**PROBLEM DESCRIPTION:** For this exercise, write out only the lines of the entries below from the one with "Four eggs, chorizo, green" up to and including the one with "2025年11月21日(金)", exactly as they are. Pictures stay out.

**DATA SUPPLIED:**
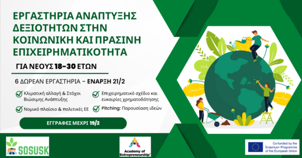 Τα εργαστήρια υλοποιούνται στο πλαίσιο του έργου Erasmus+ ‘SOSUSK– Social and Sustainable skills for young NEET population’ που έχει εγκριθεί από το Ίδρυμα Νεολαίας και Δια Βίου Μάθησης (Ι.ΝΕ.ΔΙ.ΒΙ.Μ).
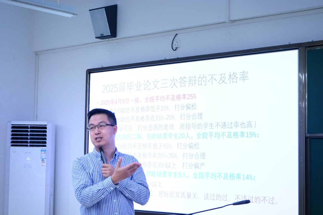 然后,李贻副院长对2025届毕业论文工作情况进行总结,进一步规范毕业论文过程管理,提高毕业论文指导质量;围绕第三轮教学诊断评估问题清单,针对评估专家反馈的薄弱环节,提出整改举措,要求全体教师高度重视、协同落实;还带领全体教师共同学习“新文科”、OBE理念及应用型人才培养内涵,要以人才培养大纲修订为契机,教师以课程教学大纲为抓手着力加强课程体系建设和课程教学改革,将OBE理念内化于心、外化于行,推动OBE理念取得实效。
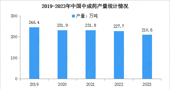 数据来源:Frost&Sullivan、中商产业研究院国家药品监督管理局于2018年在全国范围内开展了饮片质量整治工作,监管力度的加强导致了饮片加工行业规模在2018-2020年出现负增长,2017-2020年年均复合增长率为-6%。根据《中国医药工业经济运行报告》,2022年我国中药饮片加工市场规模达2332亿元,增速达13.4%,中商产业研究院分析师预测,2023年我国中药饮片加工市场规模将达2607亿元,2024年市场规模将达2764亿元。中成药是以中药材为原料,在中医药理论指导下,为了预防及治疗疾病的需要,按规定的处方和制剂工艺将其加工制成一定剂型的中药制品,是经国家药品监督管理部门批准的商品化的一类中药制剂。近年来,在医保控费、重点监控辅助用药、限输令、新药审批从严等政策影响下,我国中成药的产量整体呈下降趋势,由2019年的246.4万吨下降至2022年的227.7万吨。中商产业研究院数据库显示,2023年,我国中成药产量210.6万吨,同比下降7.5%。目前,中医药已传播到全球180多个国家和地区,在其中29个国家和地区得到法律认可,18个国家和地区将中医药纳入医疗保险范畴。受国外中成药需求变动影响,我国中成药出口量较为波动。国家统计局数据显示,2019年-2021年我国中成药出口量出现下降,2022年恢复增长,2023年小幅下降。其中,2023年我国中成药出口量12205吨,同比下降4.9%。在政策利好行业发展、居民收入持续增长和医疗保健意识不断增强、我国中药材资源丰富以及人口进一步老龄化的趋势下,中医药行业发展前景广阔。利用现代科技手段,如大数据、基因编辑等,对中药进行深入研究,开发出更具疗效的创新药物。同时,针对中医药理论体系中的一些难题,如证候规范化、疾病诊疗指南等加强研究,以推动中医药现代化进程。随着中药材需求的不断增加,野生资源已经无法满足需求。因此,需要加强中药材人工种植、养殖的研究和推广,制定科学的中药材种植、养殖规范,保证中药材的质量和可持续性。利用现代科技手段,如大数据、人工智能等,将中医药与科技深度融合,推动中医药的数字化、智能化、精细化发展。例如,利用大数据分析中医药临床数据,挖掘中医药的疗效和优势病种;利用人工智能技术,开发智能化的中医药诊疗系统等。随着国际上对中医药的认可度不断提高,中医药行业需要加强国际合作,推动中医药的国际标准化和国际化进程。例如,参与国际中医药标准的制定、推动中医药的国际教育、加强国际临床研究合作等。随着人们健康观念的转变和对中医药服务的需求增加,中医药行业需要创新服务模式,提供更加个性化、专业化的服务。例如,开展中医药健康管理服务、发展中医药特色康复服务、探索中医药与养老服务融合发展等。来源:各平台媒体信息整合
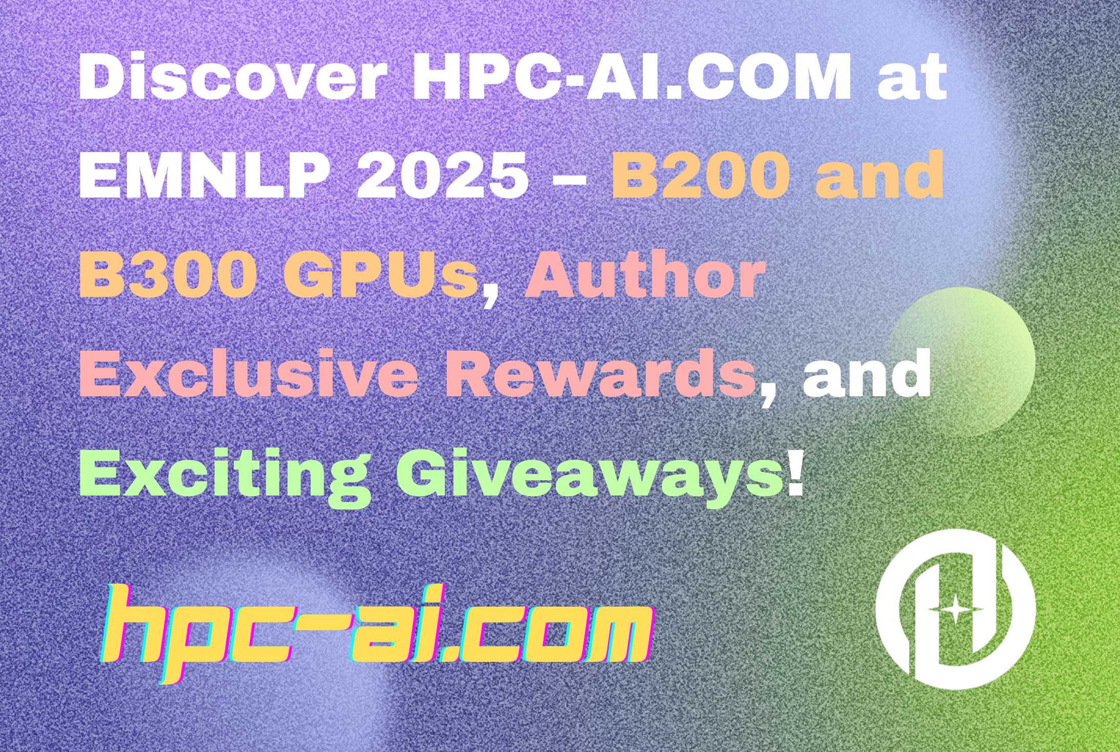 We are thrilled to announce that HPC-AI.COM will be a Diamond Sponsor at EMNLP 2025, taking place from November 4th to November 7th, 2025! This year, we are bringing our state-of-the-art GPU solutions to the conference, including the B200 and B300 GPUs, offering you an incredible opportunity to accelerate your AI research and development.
* * *
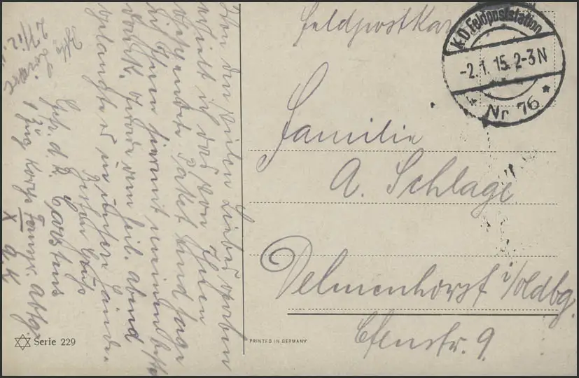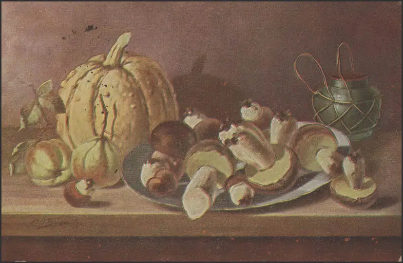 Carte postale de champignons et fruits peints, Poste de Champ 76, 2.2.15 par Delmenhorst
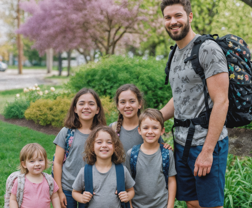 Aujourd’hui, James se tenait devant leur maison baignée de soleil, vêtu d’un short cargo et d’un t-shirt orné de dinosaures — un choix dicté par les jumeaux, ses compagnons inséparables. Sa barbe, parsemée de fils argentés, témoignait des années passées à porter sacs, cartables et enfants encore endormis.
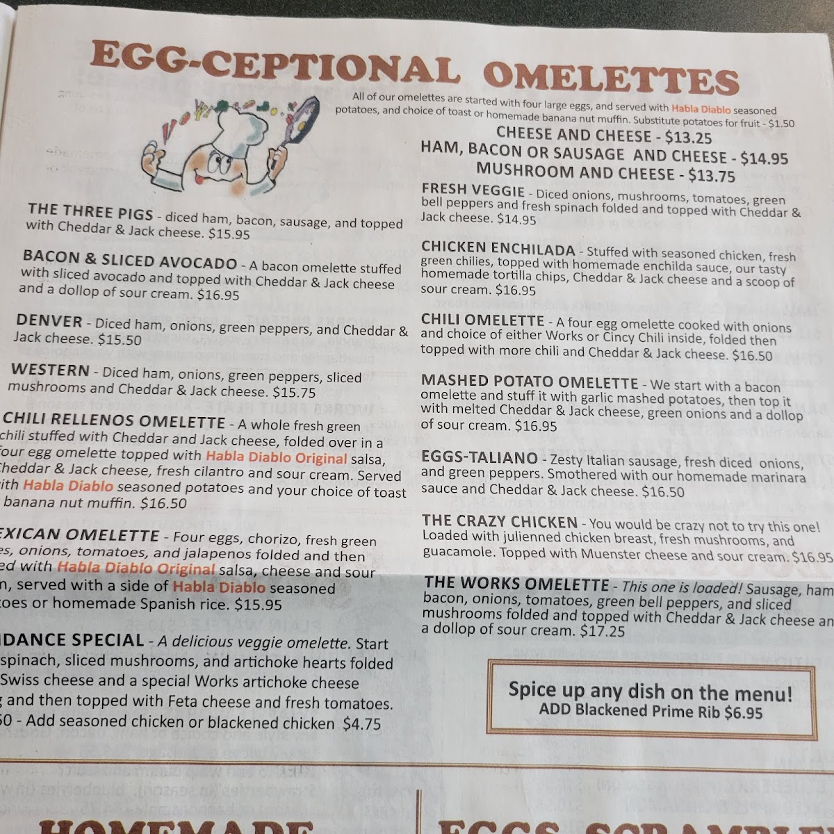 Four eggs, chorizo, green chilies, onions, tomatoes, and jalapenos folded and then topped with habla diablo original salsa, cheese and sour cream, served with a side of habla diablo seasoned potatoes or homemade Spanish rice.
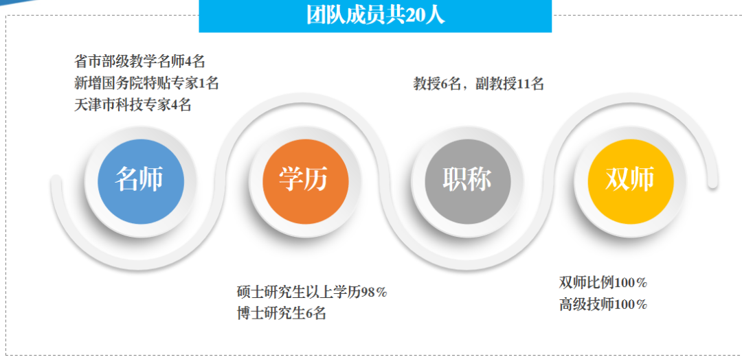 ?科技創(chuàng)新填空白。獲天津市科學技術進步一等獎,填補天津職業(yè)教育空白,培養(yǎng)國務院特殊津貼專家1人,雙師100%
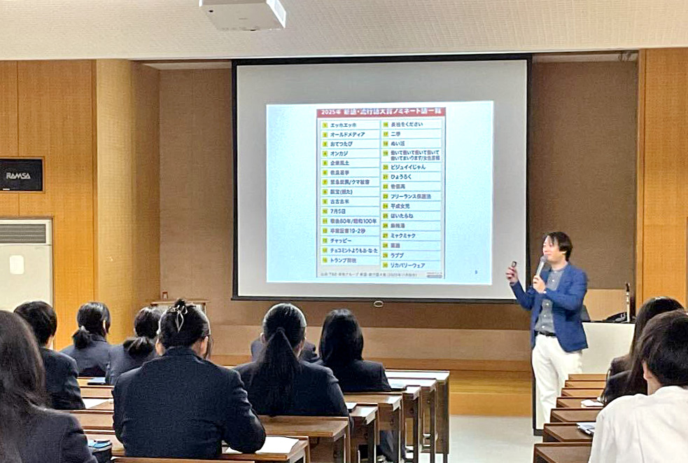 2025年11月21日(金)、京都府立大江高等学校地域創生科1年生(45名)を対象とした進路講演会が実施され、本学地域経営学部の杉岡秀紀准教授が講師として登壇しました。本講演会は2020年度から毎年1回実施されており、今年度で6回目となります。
...
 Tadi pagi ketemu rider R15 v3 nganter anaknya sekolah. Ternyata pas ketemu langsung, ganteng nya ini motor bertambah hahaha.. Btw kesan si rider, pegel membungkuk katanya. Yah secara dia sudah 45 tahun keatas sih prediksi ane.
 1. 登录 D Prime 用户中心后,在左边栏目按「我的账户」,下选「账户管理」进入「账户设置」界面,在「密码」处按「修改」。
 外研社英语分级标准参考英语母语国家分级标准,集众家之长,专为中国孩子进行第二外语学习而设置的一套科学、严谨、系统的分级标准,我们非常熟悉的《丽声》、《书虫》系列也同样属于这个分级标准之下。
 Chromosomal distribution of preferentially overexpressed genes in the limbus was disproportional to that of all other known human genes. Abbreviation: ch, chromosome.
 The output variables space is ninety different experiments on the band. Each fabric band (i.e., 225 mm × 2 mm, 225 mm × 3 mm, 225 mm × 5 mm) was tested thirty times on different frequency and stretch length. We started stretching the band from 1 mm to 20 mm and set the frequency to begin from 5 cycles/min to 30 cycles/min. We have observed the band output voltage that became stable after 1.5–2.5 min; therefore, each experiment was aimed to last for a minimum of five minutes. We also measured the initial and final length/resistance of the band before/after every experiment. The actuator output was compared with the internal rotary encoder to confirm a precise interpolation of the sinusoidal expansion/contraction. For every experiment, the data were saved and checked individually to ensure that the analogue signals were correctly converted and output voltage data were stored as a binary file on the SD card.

**SOLUTION TO THE PROBLEM:**
 Four eggs, chorizo, green chilies, onions, tomatoes, and jalapenos folded and then topped with habla diablo original salsa, cheese and sour cream, served with a side of habla diablo seasoned potatoes or homemade Spanish rice.
 ?科技創(chuàng)新填空白。獲天津市科學技術進步一等獎,填補天津職業(yè)教育空白,培養(yǎng)國務院特殊津貼專家1人,雙師100%
 2025年11月21日(金)、京都府立大江高等学校地域創生科1年生(45名)を対象とした進路講演会が実施され、本学地域経営学部の杉岡秀紀准教授が講師として登壇しました。本講演会は2020年度から毎年1回実施されており、今年度で6回目となります。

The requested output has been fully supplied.